Work instructions:
Output the entries exactly. Start at the first line, finish with the line containing "Weatherproof Heavy Duty", and omit the pictures.

──────── Exercise input

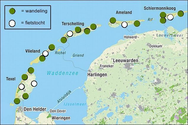 Voor de indeling van de wandelingen gebruik ik vanzelfsprekend de 5 Waddeneilanden, zoals je in het groene kader hierboven ziet.
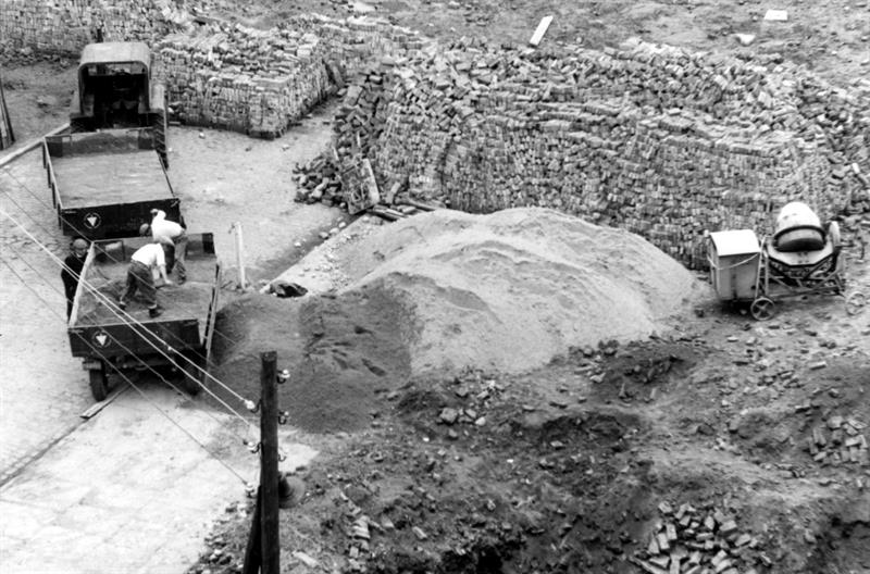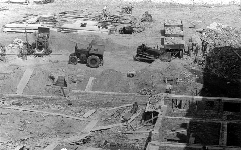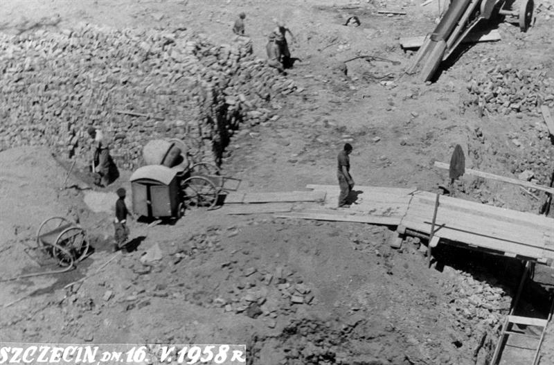 Budynek mieszczący się przy ówczesnej Bismarckstrasse 15 został zniszczony podczas jednego z dywanowych nalotów na Szczecin. Aż do końca lat 50. XX w. tym miejscu były tylko gruzy. W kwietniu 1958 roku rozpoczęto budowę szkoły. Cegły pozyskane z rozbiórki hali widowiskowej wykorzystano
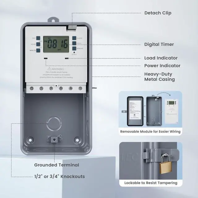Weatherproof Heavy Duty Metal Casing Raintight and rust-proof construction; This 40 amp timer switch is made of sturdy metal casing and durable insulating and flame retardant material that resists abrasion, moisture, and direct sunlight; Lockable metal box cover protect the smart pool timer against rain, snow, and dust and resist tampering
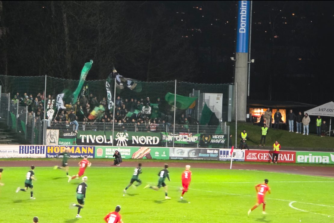 So war es keine große Überraschung, dass sich auch am vergangenen Mittwoch viele Wackerianer auf der Birkenwiese einfanden. Wenngleich eine äußerst ungünstige Wetterprognose vorlag. Die Anhänger des FC Wacker Innsbruck lassen sich durch so etwas aber keinesfalls entmutigen. Ein Auswärtssektor ohne Überdachung, eine zeitlich wahrlich ungünstige Ansetzung für Auswärtsfahrer? Ist doch egal. Die Fans brauchten die Strapazen jedenfalls nicht zu bereuen. Erneut erzeugten die Schwarz-Grünen fern der Heimat Gänsehaut-Atmosphäre. Die Begegnung zwischen dem Tabellenzweiten und dem Tabellenführer gestaltete sich von Beginn an als eine ausgesprochen einseitige Partie. Nur stellenweise vermochten die Vorarlberger dagegenzuhalten. Angetrieben durch die Anfeuerungen mehrerer hundert Anhänger, agierten die Gastgeber chancenlos und Wacker meisterlich. Nach einer fulminanten zweiten Spielhälfte waren die Rothosen mit dem 0:3 noch gut davongekommen.
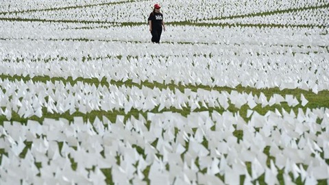| Quelque 600.000 petits drapeaux blancs symbolisant les morts américains du COVID-19 ont été installés en bas du Washington Monument dans la capitale fédérale. |
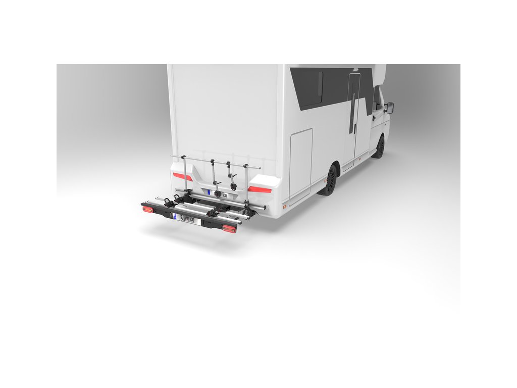 Sawiko VELO – univerzální nosič kol pro 2 kola/E-biky je odolný a flexibilní systém pro obytná auta, dodávky i běžná auta, který zpříjemňuje přepravu těžších elektrokol i běžných bicyklů díky vysoké nosnosti (do 80 kg) a praktickému designu s rychlouzávěry a sklápěním.
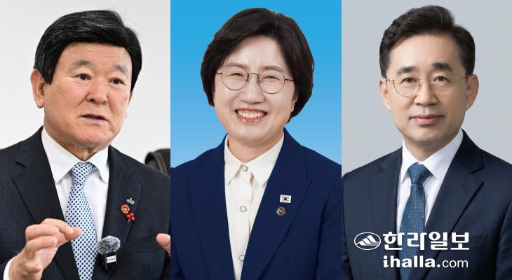 사진 왼쪽부터 김광수 제주도교육감과 제주도교육감 선거에 출마한 고의숙, 송문석 예비후보. 한라일보 DB
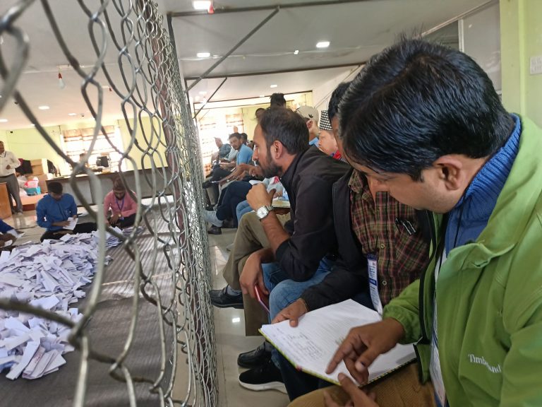 मतगणना स्थलमा नेकपा एमालेका कार्यकर्ताको उल्लेख्य उपस्थिती छ । अन्य पार्टीका कार्यकर्ता कमै मात्र उपस्थित छन् ।
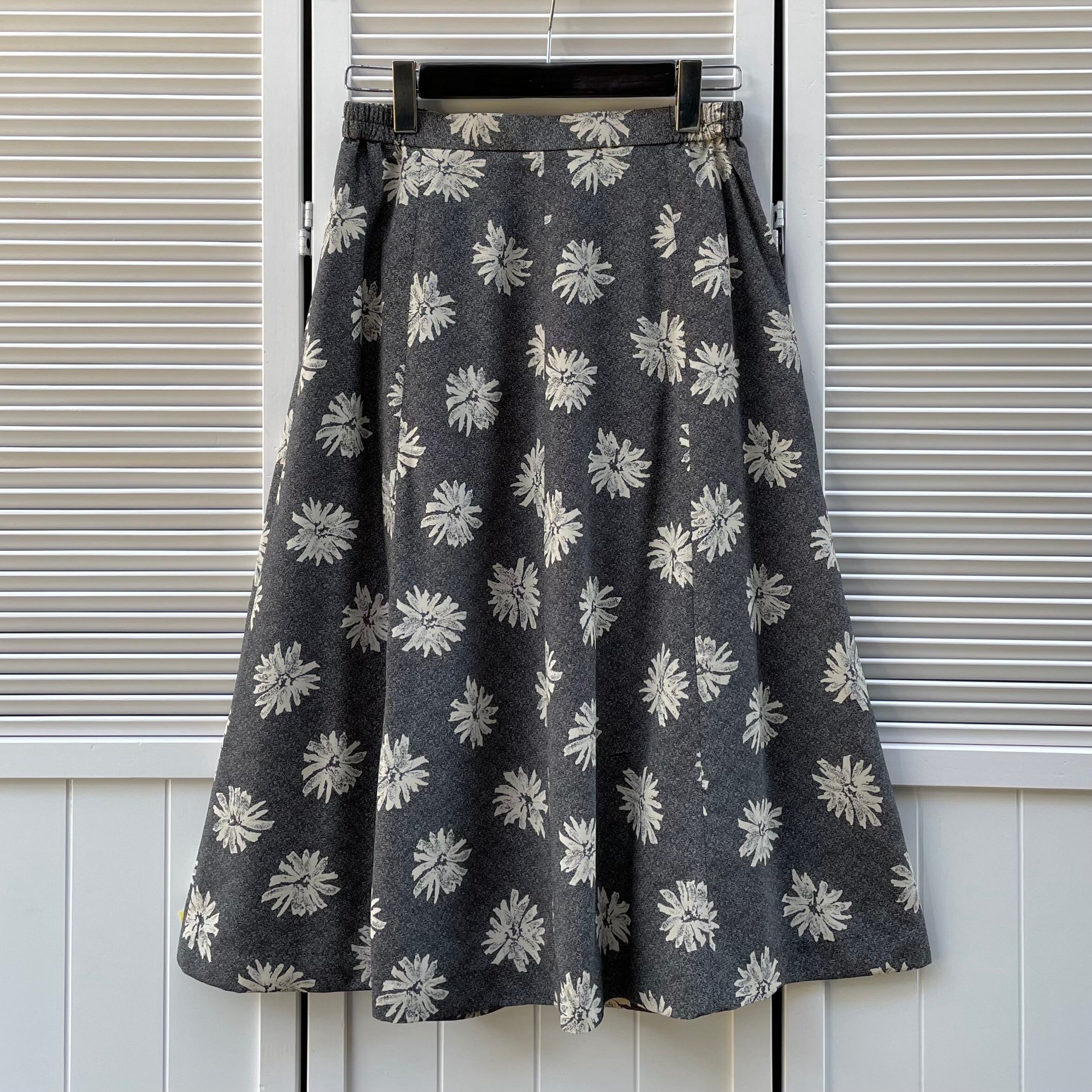 monotone floral flared skirt 〈レトロ古着 モノトーン 花柄 フレアスカート〉
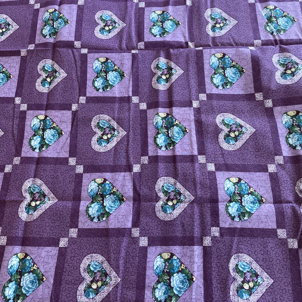 purple heart block blue floral rose patchwork cheater 1.6 yards. Hard to make out maker name; possibly fabri quilt? Comes as 1.6 yards; 60”. Each block measures about 4”x4” has a print flaw on one of the last squares(last picture).
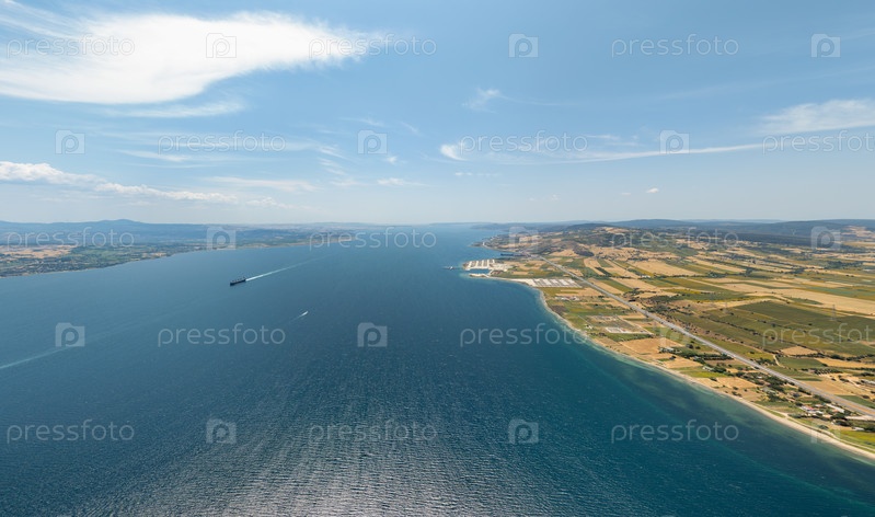 Лапсеки, Турция. Воздушная панорама пролива Дарданеллы с двумя грузовыми судами, плавающими между европейскими и азиатскими берегами вблизи прибрежных полей. Вид с воздуха
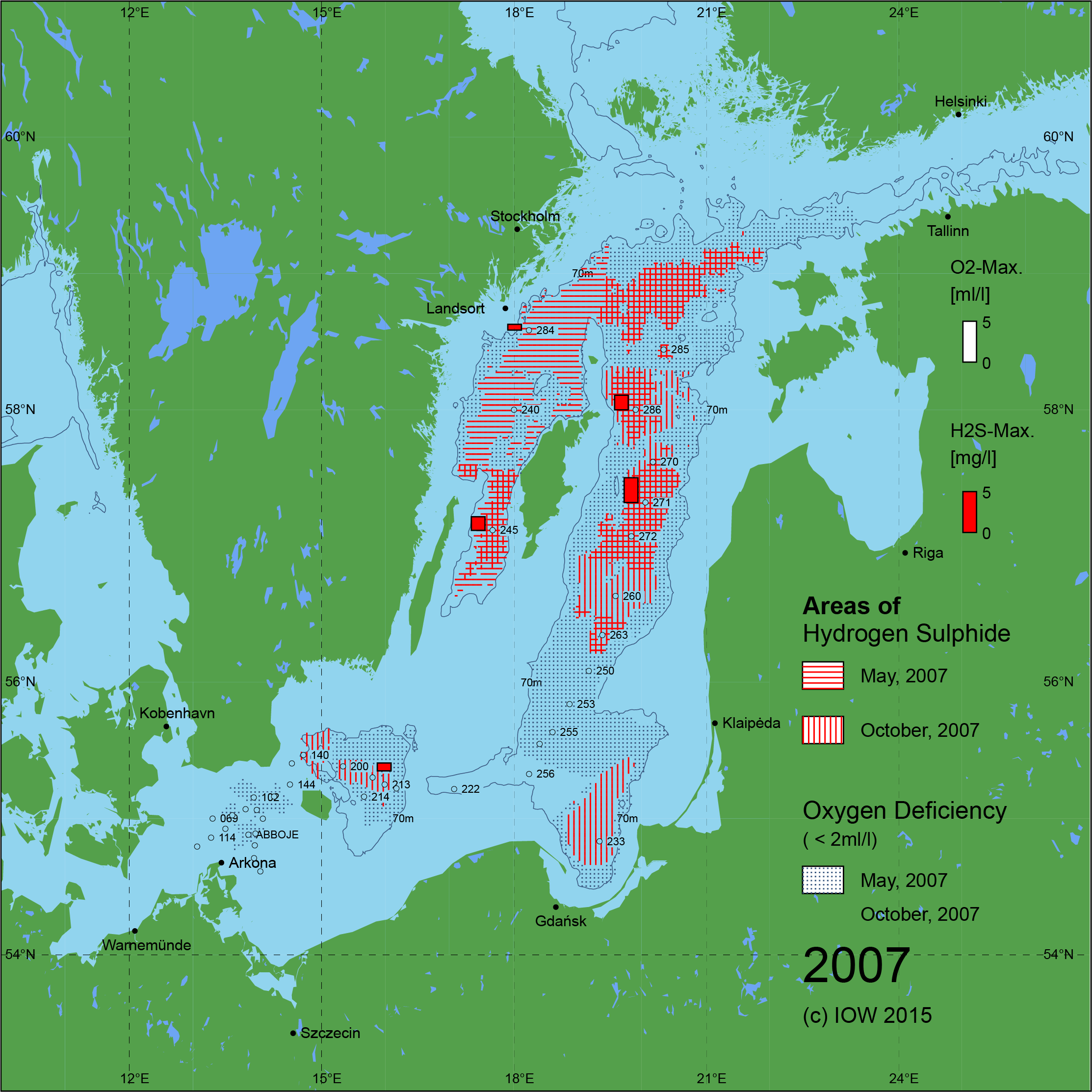 Sauerstoffarme und sauerstofffreie Gebiete in der Ostsee - 2007
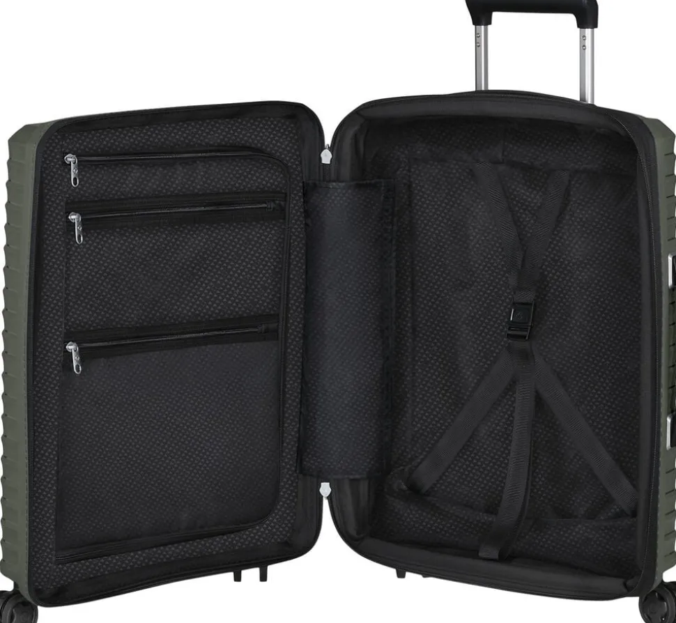 Kabinekuffert med mulighed for udvidelse, polypropylen,4 hjul,TSA lås , indvendig stofforring lavet af genbrugte plastflasker, dobbelt trollystativ, navneskilt, vægt 2,3 kg,rumindhold 39/45 l, 5 års garanti,55x40x20/23 cm.
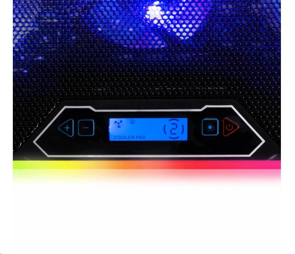 Chladicí podložku EVOLVEO Ania 9 RGB s RGB podsvícením využijete pro notebooky o velikosti 10-17". Bezesporu oceníte možnosti nastavení polohy a regulaci otáček ventilátoru. Pomocí tlačítek u displeje lze přepínat mezi třemi barevnými módy (modrá, zelená a červená) a čtyřmi RGB módy, které osvětlují okraj podložky. Podržením tlačítka pro ovládání barevných módů podobu delší 3s dojde k zapnutí/vypnutí LED na okraji podložky. Tlačítkem pro regulaci otáček lze navolit jednu ze 4 rychlostí ventilátorů a tyto pak zcela vypnout.
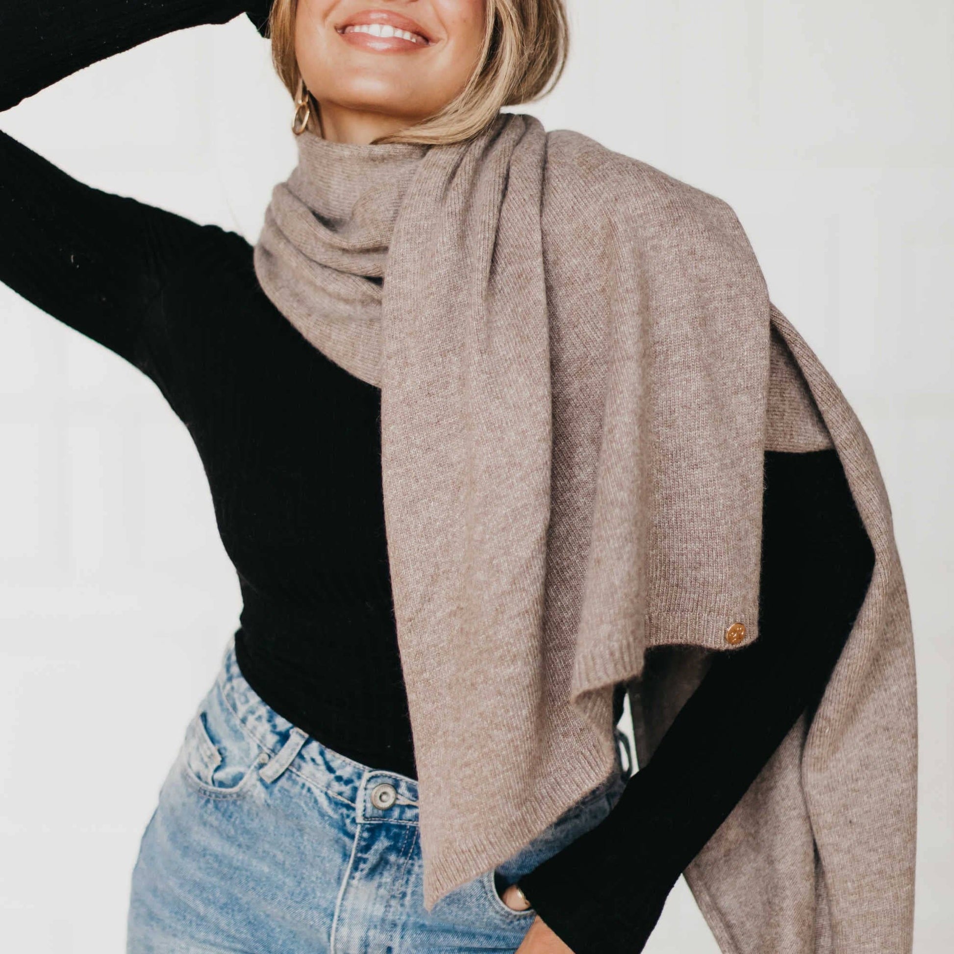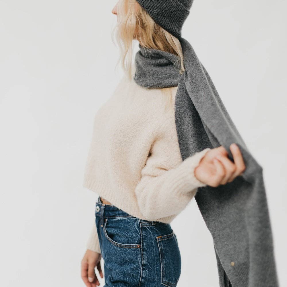 The ultimate in luxury. The Cassidy Cashmere Wrap and Beanie Duo is made from the same luxurious yarn to keep you warm, and feeling lush in the classic style. A scarf and hat combo that will stand the test of time for both style and quality while it completes your look from head to toe. Use as a wrap scarf, or bring with on your travels as an extra layer for chilly flights, nights and AC. Cashmere Blend.
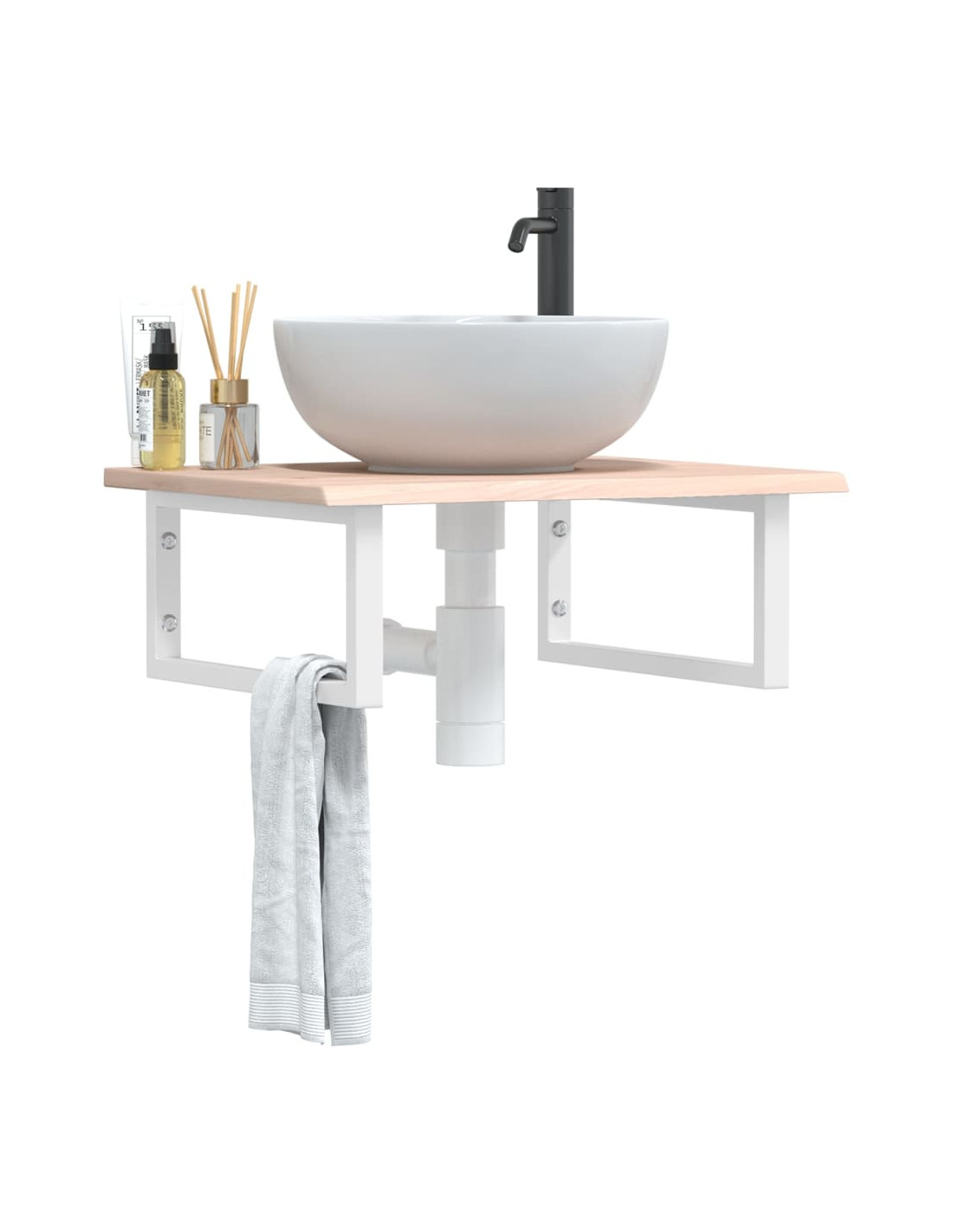 Il ripiano per lavabo a parete si fissa saldamente alla parete, offrendo una soluzione elegante e salvaspazio per il vostro bagno. Robusto e duraturo: questo ripiano per lavabo è combinato con una struttura in acciaio e un piano in legno massello di rovere, che lo rendono robusto, stabile e duraturo.Salvaspazio: il ripiano lavabo sospeso ha ampio spazio per riporre creme e piccoli oggetti. Grazie alla forma rettangolare, potete appendere asciugamani o altro sul supporto per risparmiare spazio.Facile da usare: il piano di lavoro non è forato per consentire il montaggio del lavabo a sinistra, a destra o al centro, a seconda delle esigenze della stanza. Grazie ai fori predisposti nel supporto, può essere facilmente assemblato con il piano e montato a parete.Ampie applicazioni: grazie al suo design moderno, offre spazio aggiuntivo per vari tipi di bagni. Buono a sapersi:Le viti non sono incluse, è possibile acquistarle separatamente in base alle informazioni fornite di seguito.Fissaggio a parete: 2 viti di espansione M8 per staffaPiano in legno: 2 viti M5x18 (T=2) o 2 viti M5x20 (T=2,5/4cm) per staffaEssendo un prodotto naturale, il legno può presentare nodi e imperfezioni che riempiamo con riempimenti neri per garantire un aspetto liscio.

────────────────

Written solution:
 Voor de indeling van de wandelingen gebruik ik vanzelfsprekend de 5 Waddeneilanden, zoals je in het groene kader hierboven ziet.
 Budynek mieszczący się przy ówczesnej Bismarckstrasse 15 został zniszczony podczas jednego z dywanowych nalotów na Szczecin. Aż do końca lat 50. XX w. tym miejscu były tylko gruzy. W kwietniu 1958 roku rozpoczęto budowę szkoły. Cegły pozyskane z rozbiórki hali widowiskowej wykorzystano
Weatherproof Heavy Duty Metal Casing Raintight and rust-proof construction; This 40 amp timer switch is made of sturdy metal casing and durable insulating and flame retardant material that resists abrasion, moisture, and direct sunlight; Lockable metal box cover protect the smart pool timer against rain, snow, and dust and resist tampering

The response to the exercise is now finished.